The need for data scientists
A data scientist’s role falls somewhere between that of a developer and that of a statistician. A definition by Josh Wills, Director of Data Engineering at Slack, encapsulates this and has become well-known. He describes a data scientist as a “person who is better at statistics than any software engineer and better at software engineering than any statistician”.
Information is becoming available in volumes and varieties like never before, giving rise to a competitive landscape: Business success is going to be largely dependent on how companies are going to be able to turn data into insights and actually take action on it. This is where data scientists come in: They have the skills to bring structure to large quantities of unstructured data which makes deep analysis possible. This helps decision makers to have open ended discussions about the data at their disposal.
Data scientists are often required to create user facing products from data and integrate it with existing platforms. “In such cases, it will either be self-developed, handed over to developers, or jointly built with a developer,” Jaco says.
Skills and background to become a data scientists
Despite the clear need for data scientists, becoming one is not straightforward: “Apart from short courses presented by a few companies and universities in South Africa, there is not one clear qualification path that will enable you to become a data scientist,” Jaco du Toit explains. (The good news is that Stellenbosch University is said to be working on a degree program.)
Despite these constraints, potential data scientists can be found in a variety of disciplines with a strong data and computational focus: computer science, actuarial sciences, engineering, statistical sciences, mathematics and applied mathematics, operations research, astronomy and quantum physics.
“An advanced degree in a quantitative field is an advantage and a minimum requirement for many well known international companies hiring data scientists,” Jaco states.
According to him, data scientists can either have a wide range of generic skills or a more specialised skill set - in certain algorithms or tools, for example.
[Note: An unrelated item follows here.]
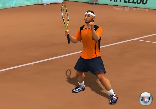 Nein, realistisches Ausholen und Schlagen würde es in der Wii-Umsetzung nicht geben. Das wussten die Entwickler schon vor mehr als einem Jahr. Stattdessen ahmt ihr die Bewegungen eures Tennis-Profis nur vage nach – je besser euer Timing, desto genauer und härter geht der Ball übers Netz. Gezielt wird dabei mit dem Analogstick des Nunchuks, die Schlagbewegung wirkt sich nicht auf die Flugbahn aus. Auch Top Spin imitiert somit lediglich einen kleinen Teil des wirklichen Sports und erinnert damit an Sega Superstar Tennis oder Wii Sports. Im Gegensatz zu Segas Maskottchen-Parade dürft ihr euch hier jedoch nicht für eine vereinfachte Steuerung entscheiden, mit der die Athleten entweder automatisch in Richtung Ball laufen oder mit der ihr per Digikreuz rennt, während ihr ganz klassisch über die Tasten 1 und 2 einen Schlag ausführt. Für alle, die wenig Platz vor dem Fernseher haben, könnte es deshalb eng werden – gerade beim Doppel mit bis zu drei Freunden dürften etliche Wohnzimmer aus allen Nähten platzen! Der Steuerungs-Zwang ist umso ärgerlicher, weil die Strippe zwischen Nunchuk und Remote erstens zu kurz und zweitens ohnehin ständig im Weg ist. Wer damit Schwierigkeiten hat, wird mit Top Spin 3 selbst im Einzelnspiel nicht glücklich.

A data scientist can also become an industry specific expert, which means they would have experience with certain types of data sets.
Here are some of the skills that companies are looking for when hiring data scientists:
- Proficiency in R, Python (or other high level languages like Java, C, C++, C#), and SQL
- Knowledge of a useful data stack like Apache Kafka
- Experience with MySQL or Postgres
- Background in scientific, mathematical or quantitative fields such as physics, statistics or engineering
- Ability to solve complex problems
- Ability to effectively infer and describe insights from data sets
- Ability to articulate oneself in a clear, concise manner
- Solid understanding of some linear and nonlinear machine learning paradigms, for example neural networks, evolutionary computing or probabilistic reasoning.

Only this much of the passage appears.